===== STORED DATA
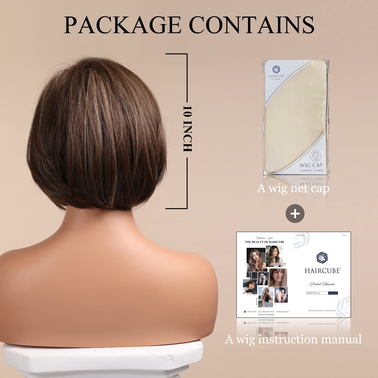 HAIRCUBE Brown Bob Wig Short Hair Wigs for Women Highlight Heat Resistant Fibre Synthetic Wig Natural Looking 10 Inch
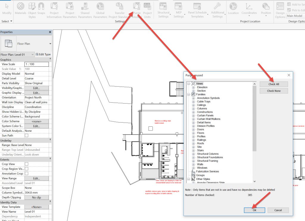 After the file is imported, the save size is 125MB. A bit bigger than the original at 89.5Mb and the IFC at 59Mb. Purging doesn’t seem to have done much as far as file size goes.
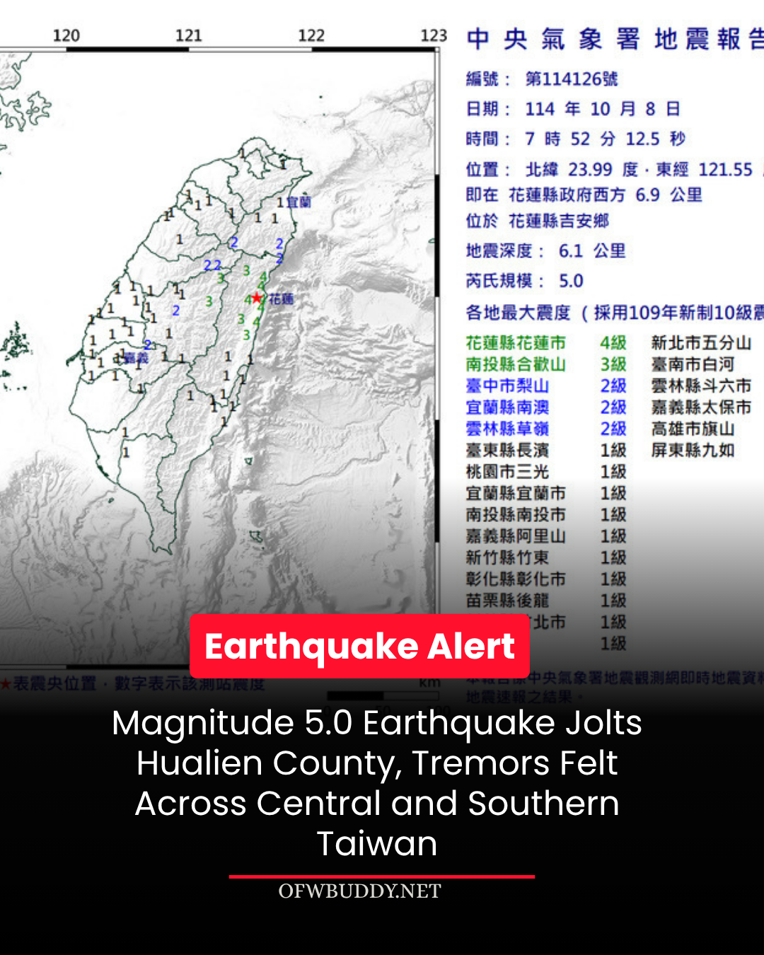HUALIEN COUNTY, Taiwan — A magnitude 5.0 earthquake struck Ji’an Township, Hualien County, at 7:52 a.m. on Tuesday, October 8, according to the Central Weather Administration (CWA).
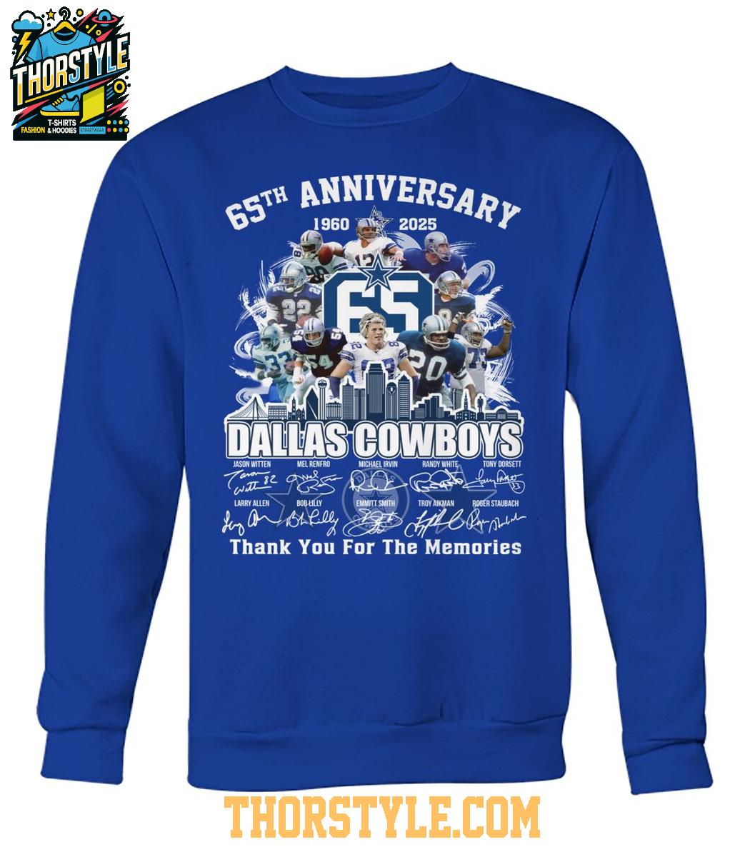 The shirt's captivating graphic showcases a dynamic collage of legendary Dallas Cowboys players, each figure a pillar in the team's illustrious journey. Iconic names such as Troy Aikman, Emmitt Smith, Michael Irvin, Roger Staubach, and Jason Witten are prominently featured, their reproduced signatures adding an authentic, collectible dimension that true football enthusiasts will deeply appreciate. Anchoring this powerful visual is a bold "65" emblem, a clear symbol of the enduring legacy, rich history, and sustained success that the Dallas Cowboys franchise has built over more than six decades.
==========
-- WHAT TO WORK ON --
Your job is to reproduce the material exactly. Keep pictures out of it.

-- OUTPUT BELOW --
 HAIRCUBE Brown Bob Wig Short Hair Wigs for Women Highlight Heat Resistant Fibre Synthetic Wig Natural Looking 10 Inch
 After the file is imported, the save size is 125MB. A bit bigger than the original at 89.5Mb and the IFC at 59Mb. Purging doesn’t seem to have done much as far as file size goes.
HUALIEN COUNTY, Taiwan — A magnitude 5.0 earthquake struck Ji’an Township, Hualien County, at 7:52 a.m. on Tuesday, October 8, according to the Central Weather Administration (CWA).
 The shirt's captivating graphic showcases a dynamic collage of legendary Dallas Cowboys players, each figure a pillar in the team's illustrious journey. Iconic names such as Troy Aikman, Emmitt Smith, Michael Irvin, Roger Staubach, and Jason Witten are prominently featured, their reproduced signatures adding an authentic, collectible dimension that true football enthusiasts will deeply appreciate. Anchoring this powerful visual is a bold "65" emblem, a clear symbol of the enduring legacy, rich history, and sustained success that the Dallas Cowboys franchise has built over more than six decades.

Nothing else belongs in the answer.